Paternal haplotypes on the Y chromosome in dingoes are few, being H3 and H60. H3 has also been found in East Asian and northern European dogs (Ding et al., 2011), while H60 is a haplotype shared with NGSDs and differs by one substitution from a haplotype found only in East Asian dogs. These findings support the idea that dingoes are feralized descendants of southeast Asia dogs.

In addition to speculations that dingoes are feralized dogs, some workers suggest that dingoes were derived specifically from Asian village dogs (Puja et al., 1977; Sacks et al., 2013; Savolainen et al., 2005; Shannon et al., 2015). However, vonHoldt et al. (2010) observed that much of the variability seen in Asia dogs is derived from Middle Eastern sources, though they do not explicitly claim that dogs were first domesticated in the Middle East.

Sister lineages and fossils

Cairns and Wilton (2016, p. 553; see also Sacks et al., 2013) documented greater genetic variability than originally assessed in terms of the presence of additional mtDNA and Y chromosome lineages that cluster biogeographically. Dingoes also show some unusual haplotypes (compared to domestic dogs) on either their mtDNA or Y chromosomes. Analysis of 28 mtDNA dingo genomes that were sequenced in this study, plus NGSDs, Chinese, Bali, and Kalimantan specimens, cluster dingoes and NGSDs as a monophyletic group, with a clear separation from the Chinese and island dogs. The dingoes are sorted into two lineages, one located in the southeast (SE) of Australia and the other in the northwest (NW), with the NGSD closest to but distinct from the SE dingo group. In sum, the paper suggests at least two separate events involving dingo arrival on mainland Australia. The authors remark:However, the more important issue is how dingoes or their ancestors got to Greater Australia initially, a circumstance in which seafaring seems essential, rather than the movement of dingoes from New Guinea to the Australian mainland.

Conservative molecular dating based upon mitochondrial DNA suggest that the [dog and dingo] lineages split approximately 8,300 years before present, likely outside Australia but within Oceania. The close relationship between dingoes and New Guinea Singing Dogs suggests that plausibly dingoes spread into [mainland] Australia via the land bridge between Papua New Guinea and Australia although seafaring introductions cannot be rejected.
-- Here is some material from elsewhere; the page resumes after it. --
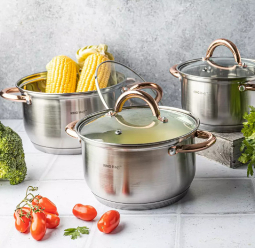 KINGHoff rozā zelta krāsas katlu komplekts, 6 daļas, Ø18, Ø20, Ø24, KH 1762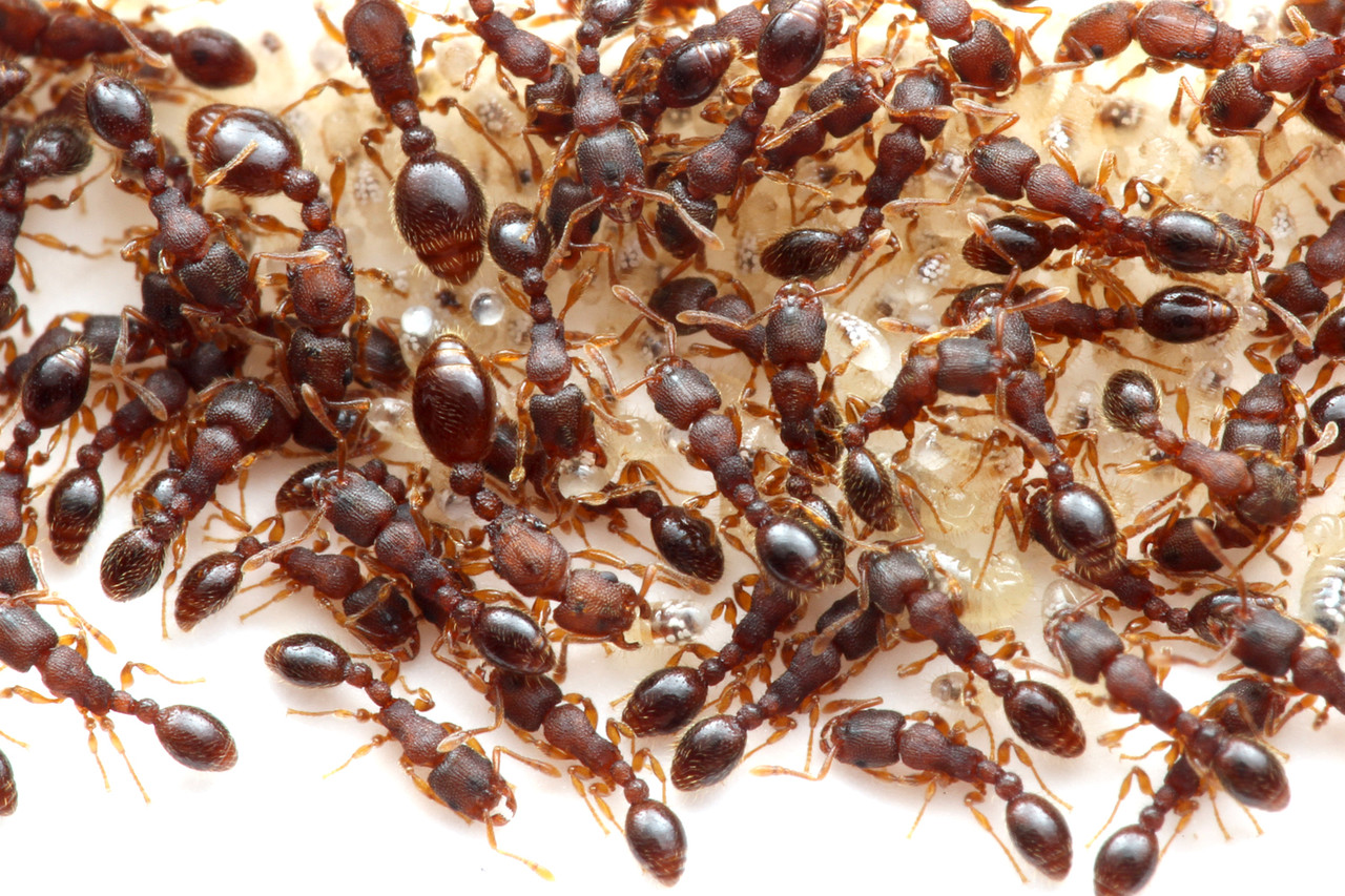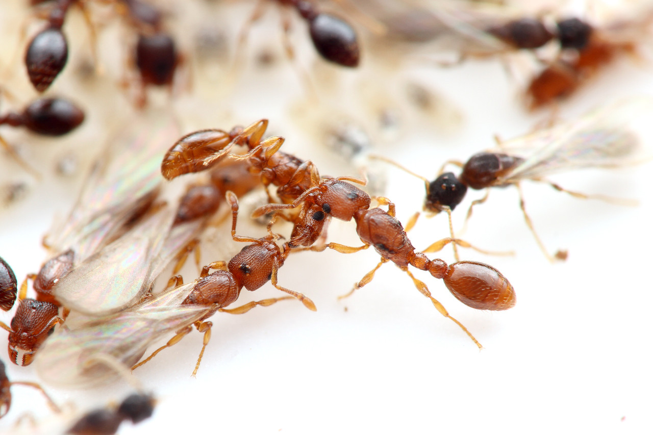 巣の中で交尾をするヤドリウメマツアリの新女王とオス。

Cairns and Wilton suggest that dingoes, dogs, and NGSDs diverged outside of mainland Australia prior to the Neolithic expansion in Oceania. Their estimates suggest an mtDNA divergence time between the SE lineage (plus NGSDs) and the NW lineage of dingoes of at least 25,400 (5,473–93,806, 95% HPD) years BP. A fossil‐calibrated divergence estimate of the NW dingo lineage is at least 12,300 years BP (12,330–47,634, 95% HPD) and the SE lineage is at least 9,700 years BP (9,765–46,889, 95% HPD). Each of these estimates of divergence time include time spans that are earlier than the age of well‐accepted domesticated dog fossils anywhere. In contradiction, the physical remains of dingoes suggest their appearance on the continent no earlier than about 4,000 years ago, long after human arrival and long after the remains of widely‐accepted domesticated dogs were being deliberately buried in Eurasia. Other molecularly‐based estimates of the divergence of dingoes from other dogs are 4.5–11,000 years ago (Savolainen et al., 2005) or 4,600–18,300 years BP (Oskarsson et al., 2012). These estimates do not coincide well with the archaeological or fossil record of dingoe.

Accepting molecular estimates and rejecting radiometric measures of time since burial requires prioritizing molecular divergences based on estimated mutation rates, which are not always clocklike in different molecules or under different conditions. Human selection might accelerate the survival and spread of particular mutations or genes. Inevitably, molecular divergence estimates vary widely depending on the mutation rate that is used. If these molecular estimates include the actual arrival dates of dingoes in Greater Australia, then Cairns and Wilton (2016) suggest the lack of dingo fossils for so many millennia after dingo landfall is due possibly to taphonomic factors and poor preservation. This suggestion does not account for finding fossil remains of animals of similar size and habits, like thylacines, preserved prior to the earliest dingo fossils in Australia. If dingoes were domesticated prior to landfall and lived with people in Australia during this period of invisibility, their long absence from archaeological sites is puzzling unless they did not have an intimate association with people. The same can be said if dingoes were domesticated animals living not in mainland Australia but Oceania, where there are few fossils and none older than the oldest ones in Australia. If the molecular estimates are taken as accurate, dingo landfall may have occurred before the flooding of the Bass Straits. This poses another serious problem because neither SE or NW dingoes reached Tasmania.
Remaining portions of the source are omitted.